Here are some notes about accommodation bills in detail:
- Definition: An accommodation bill is a bill of exchange that is drawn without any consideration. In other words, there is no underlying trade transaction that gives rise to the bill. The bill is simply drawn to help one party raise funds or to provide financial assistance to another party.
- Legal status: Accommodation bills are not enforceable by law. This is because they lack consideration, which is one of the essential elements of a valid contract. However, accommodation bills can still be useful financial instruments, as long as all parties involved are aware of the risks involved.
- Parties involved: There are three parties involved in an accommodation bill: the drawer, the drawee, and the accommodation party. The drawer is the person who draws the bill and is ultimately responsible for its payment. The drawee is the person who is named on the bill and who is obligated to pay it on maturity. The accommodation party is the person who agrees to guarantee the payment of the bill.

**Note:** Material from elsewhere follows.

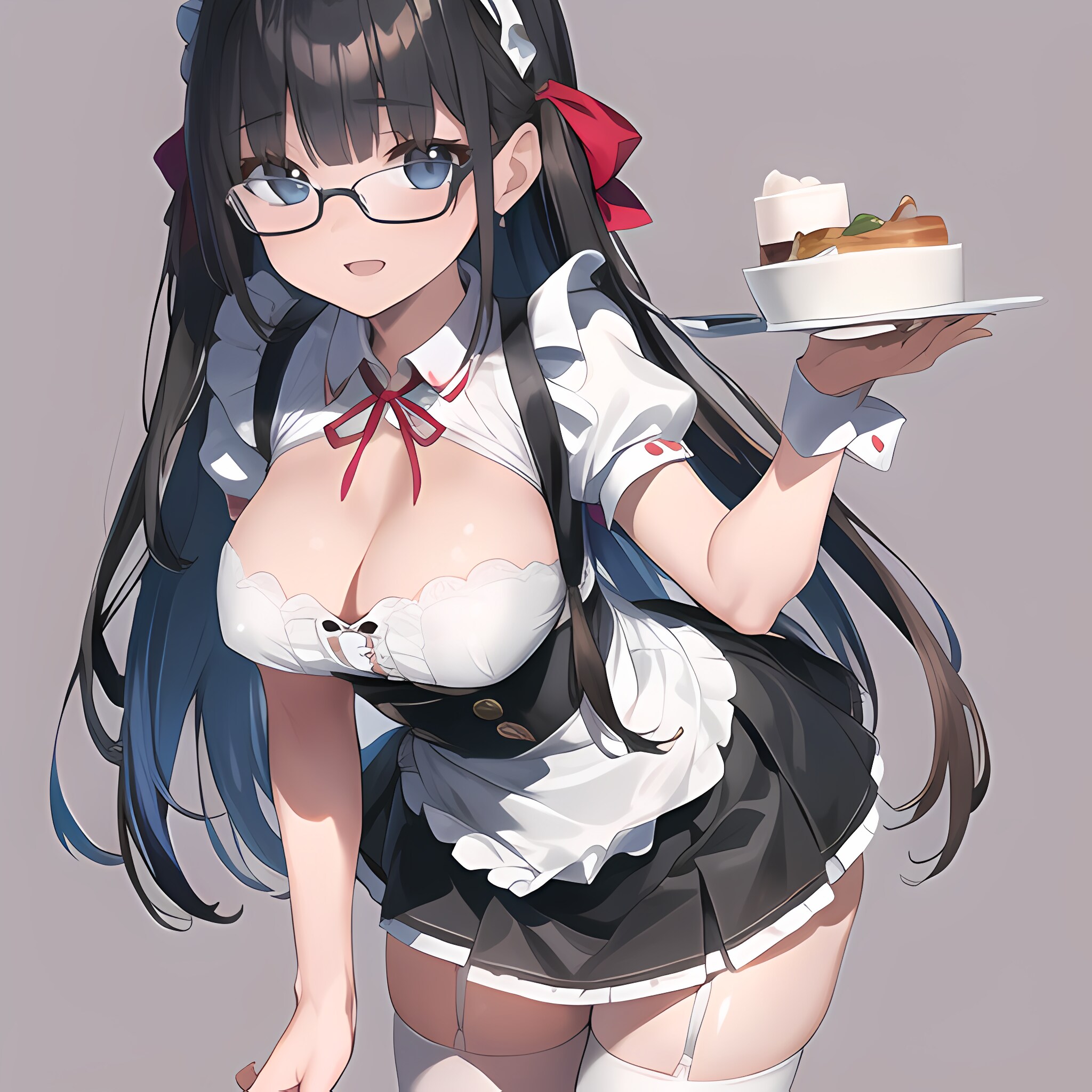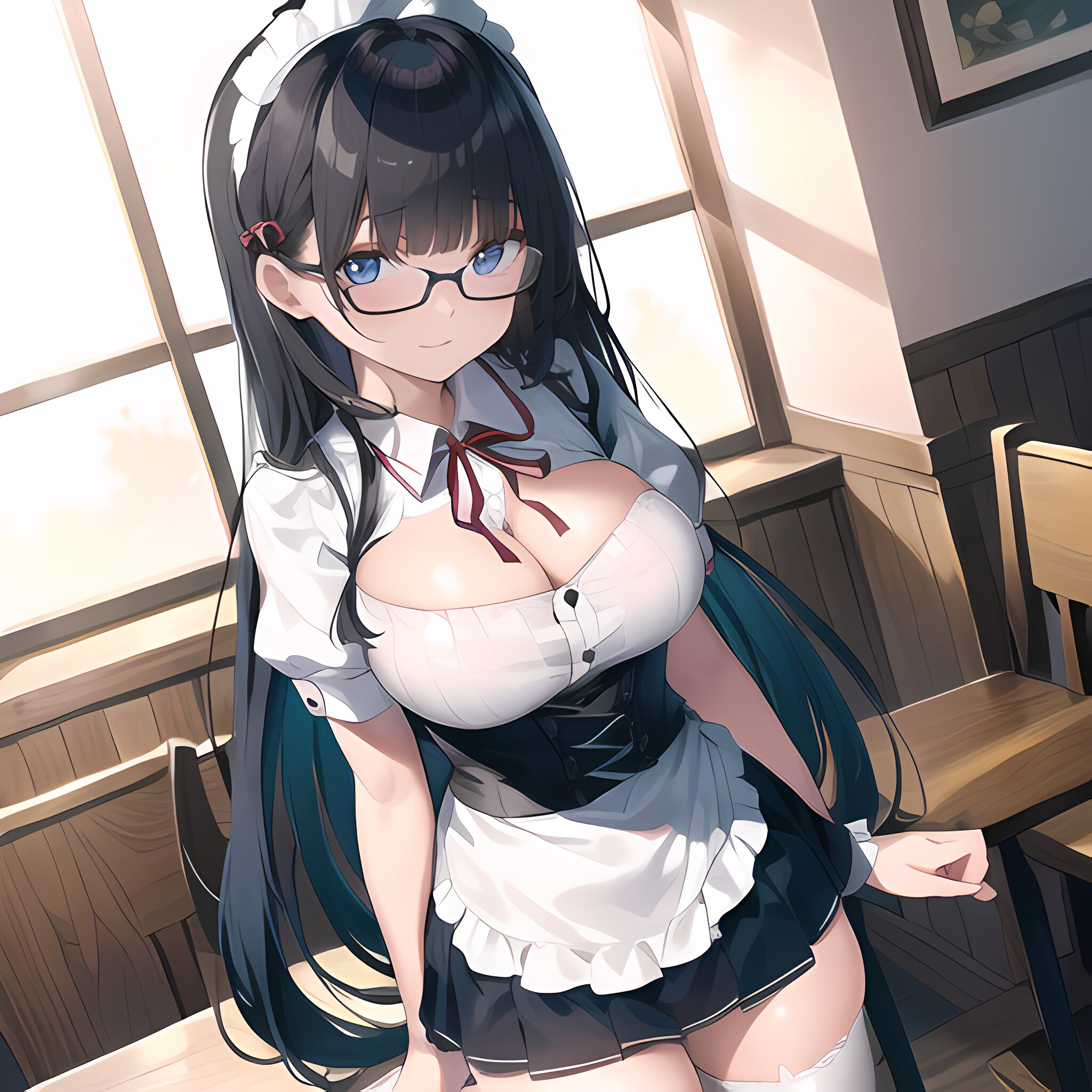女の娘♪ 黒髪ロングメガネっ娘メイドさん♡(10枚)

- Accounting treatment: Accommodation bills are treated as a liability by the drawer and as an asset by the drawee. The accommodation party is not treated as a party to the bill for accounting purposes.
- Importance: Accommodation bills can be used for a variety of purposes, such as:
- Raising funds for a short-term need
- Providing financial assistance to a friend or family member
- Securing a loan from a bank
- Risks: There are a number of risks associated with accommodation bills, including:
- The possibility that the drawee will not pay the bill on maturity
- The possibility that the accommodation party will not be able to honor their guarantee
- The possibility that the bill will be dishonoured, which could damage the credit rating of the drawer
Overall, accommodation bills can be a useful financial instrument, but it is important to be aware of the risks involved before using them.